--- WHAT THE EXERCISE ASKS ---
Reproduce the line with "Москва і Мінськ" and everything after it in the listing below, exactly, both ends included. No pictures.

--- SOURCE RECORDS ---
* * *

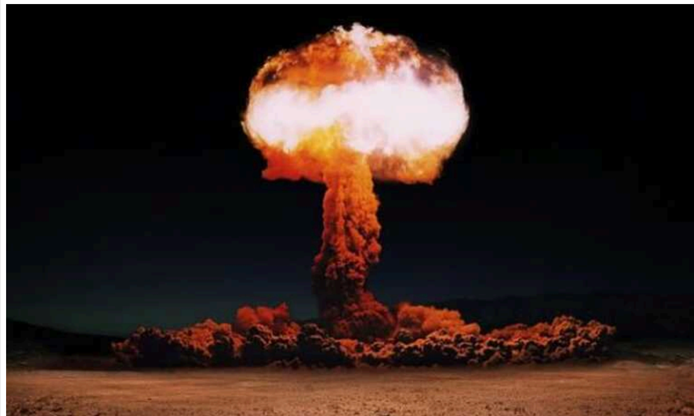
Умова справедливого миру в світі - повна денуклеаризація РФ

Москва і Мінськ продовжують ядерний шантаж, вкотре погрожуючи Заходу ядерною ескалацією, нехтуючи своїми міжнародними зобов'язаннями та інтересами глобальної безпеки.
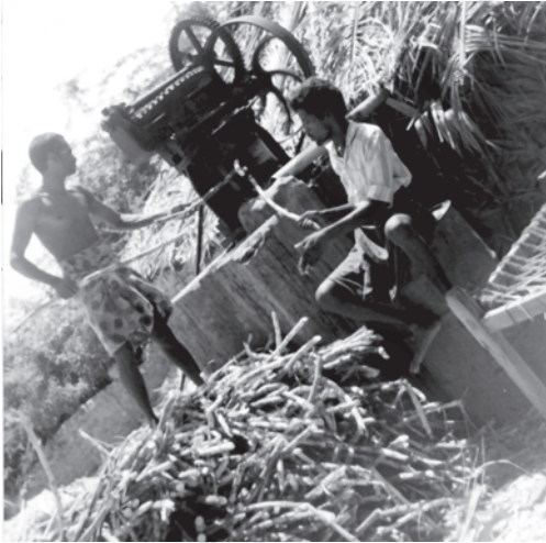
चित्र 6.2 गुड़ निर्माण कृषि क्षेत्रक का एक संबद्ध क्रियाकलाप है

आवश्यकता इसलिए उत्पन्न हो रही है, क्योंकि सिर्फ खेती के आधार पर आजीविका कमाने में जोखिम बहुत अधिक हो जाता है। अतः विविधीकरण द्वारा हम न केवल खेती से जोखिम को कम करने में सफल होंगे बल्कि ग्रामीण जन समुदाय को उत्पादक और वैकल्पिक धारणीय आजीविका
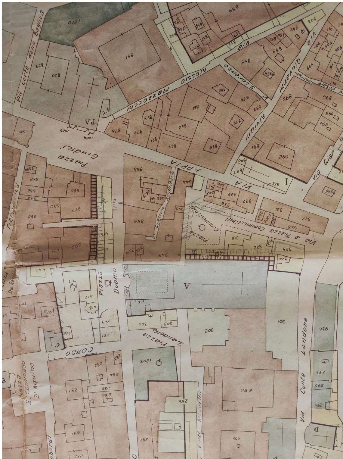
5: Stralcio del Piano di Ricostruzione di Capua del 1947, nel quale sono evidenziate le modifiche da apportare alla zona circostante il Duomo.

infatti, viene segnata a matita la larghezza di via Duomo pari a dodici metri, avanzando l'allineamento dei portici antistanti, così come è indicata la modifica della posizione dei portici sul fianco meridionale della cattedrale, prospicienti piazza Commestibili.
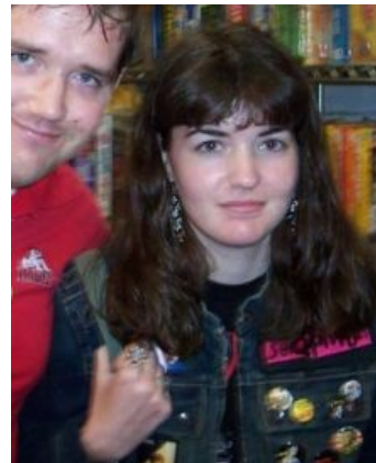
Меган, какие красивые у тебя... усы
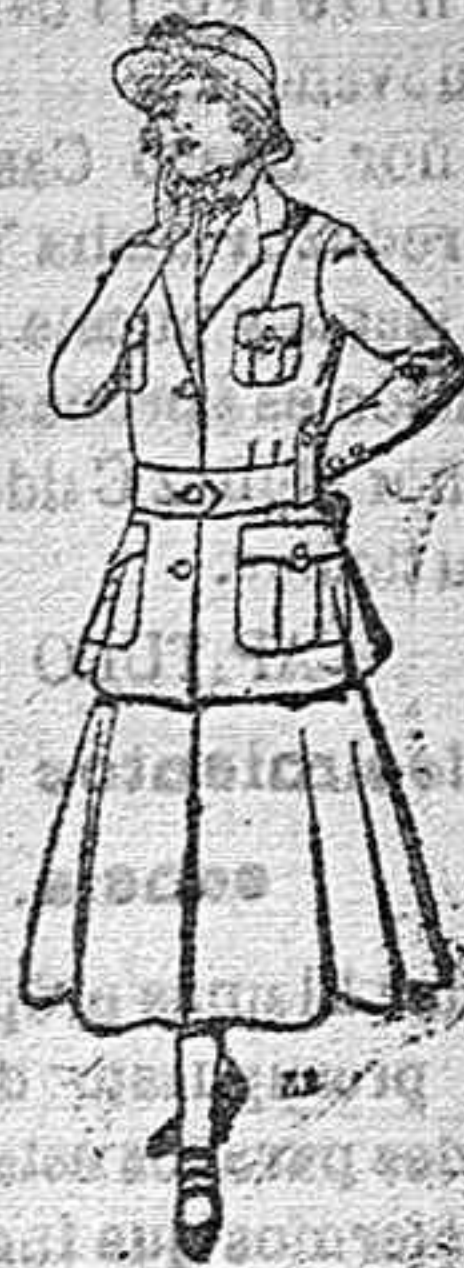
Trajes de lana para jovencitas de 13 á 16 años. De pesetas 40 á 45

* * *

--- ANSWER SECTION ---
Москва і Мінськ продовжують ядерний шантаж, вкотре погрожуючи Заходу ядерною ескалацією, нехтуючи своїми міжнародними зобов'язаннями та інтересами глобальної безпеки.
चित्र 6.2 गुड़ निर्माण कृषि क्षेत्रक का एक संबद्ध क्रियाकलाप है

आवश्यकता इसलिए उत्पन्न हो रही है, क्योंकि सिर्फ खेती के आधार पर आजीविका कमाने में जोखिम बहुत अधिक हो जाता है। अतः विविधीकरण द्वारा हम न केवल खेती से जोखिम को कम करने में सफल होंगे बल्कि ग्रामीण जन समुदाय को उत्पादक और वैकल्पिक धारणीय आजीविका
5: Stralcio del Piano di Ricostruzione di Capua del 1947, nel quale sono evidenziate le modifiche da apportare alla zona circostante il Duomo.

infatti, viene segnata a matita la larghezza di via Duomo pari a dodici metri, avanzando l'allineamento dei portici antistanti, così come è indicata la modifica della posizione dei portici sul fianco meridionale della cattedrale, prospicienti piazza Commestibili.
Меган, какие красивые у тебя... усы
Trajes de lana para jovencitas de 13 á 16 años. De pesetas 40 á 45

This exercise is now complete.